Yeah. Then I guess, disgust.

This is terrible, how can a fella take a shit when this animal is just waiting below? But then of course you get used to it.

We didn’t eat any pork in India. Oh no, we didn’t eat any pork at all!

Was there any pleasure in it? I know you talked about the fear.

No. Once you got used to it, there was a bit of amusement, though. Even then it was a funny story.

Do you think there are any people that could get off on that?

Seriously. I never met anybody that expressed that, the desire to do that.

Like I said before, the first while that we settled in there, it was pretty disconcerting, so it might delay your shit. I betcha the pigs just got impatient and they’d among themselves, “Say, I wonder what’s taking this guy so long?” The pigs don’t know that they’re part of the problem.

After a while you eventually got used to that and you’d simply just go there and feed the pigs, and the pigs are happy and you’re much happier for it, too.

How did the pigs feel do you think? What you saw, what they were doing down there. A little more detail.

I don’t know. You’d be sitting around in your room or get up in the morning, whatever your routine happens to be. You go out and first you’d look to see if there were any pigs around.

Of course, they don’t make themselves real obvious most of the time. They’re usually just resting in the shade. But just because you come out of your door, the pigs don’t automatically react, but they perk up. Especially if it’s the time of day that you are accustomed to going, because they are very intelligent and they do learn your habits.

I don’t know, I guess they just see you start to walk over there and say, “Oh boy, here it comes. It’s a supplement for my food. I’m a pig. I’ll eat anything I like.

I don’t know, the idea is for the pigs to just get over there and be ready when it comes . . . I guess before the other pigs come or something, because they try to get there right away and they always beat you to it.

Really. It’s almost impossible to beat them to the toilet. Before you got the door closed, they’re already starting to climb up the chute. I don’t know. They’re just very eager; they get to know your habits.

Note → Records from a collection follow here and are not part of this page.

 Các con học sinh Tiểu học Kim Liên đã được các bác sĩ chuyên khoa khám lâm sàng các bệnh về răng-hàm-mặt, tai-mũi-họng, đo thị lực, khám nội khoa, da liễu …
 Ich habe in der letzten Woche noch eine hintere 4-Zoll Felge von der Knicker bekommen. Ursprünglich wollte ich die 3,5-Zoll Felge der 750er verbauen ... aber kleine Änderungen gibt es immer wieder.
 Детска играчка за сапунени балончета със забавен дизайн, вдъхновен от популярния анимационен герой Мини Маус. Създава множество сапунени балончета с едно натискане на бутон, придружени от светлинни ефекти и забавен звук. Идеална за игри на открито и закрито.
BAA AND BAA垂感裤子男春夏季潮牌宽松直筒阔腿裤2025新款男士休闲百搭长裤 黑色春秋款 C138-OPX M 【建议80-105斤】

As I remember they were mostly black and white spotted pigs, and, of course, all of them have coarse hairs, and they come in all sizes. If you’ve seen pigs, they do have an intelligent look about them. Their eyes, in fact, are kind of human in a way. Of course, a lot of animals’ eyes are, I guess. But I don’t know, they’re just ravenous eaters.

Do they grunt?

Oh yeah, oh geez yea. They’re pigs, and they grunt and they make all sorts of noises. I don’t know if it’s glee or what, but they sure do grunt!

*Reproduced here from Michael Brein’s Travel Tales Collection No. 8 March 2015, “Toilet Stories.”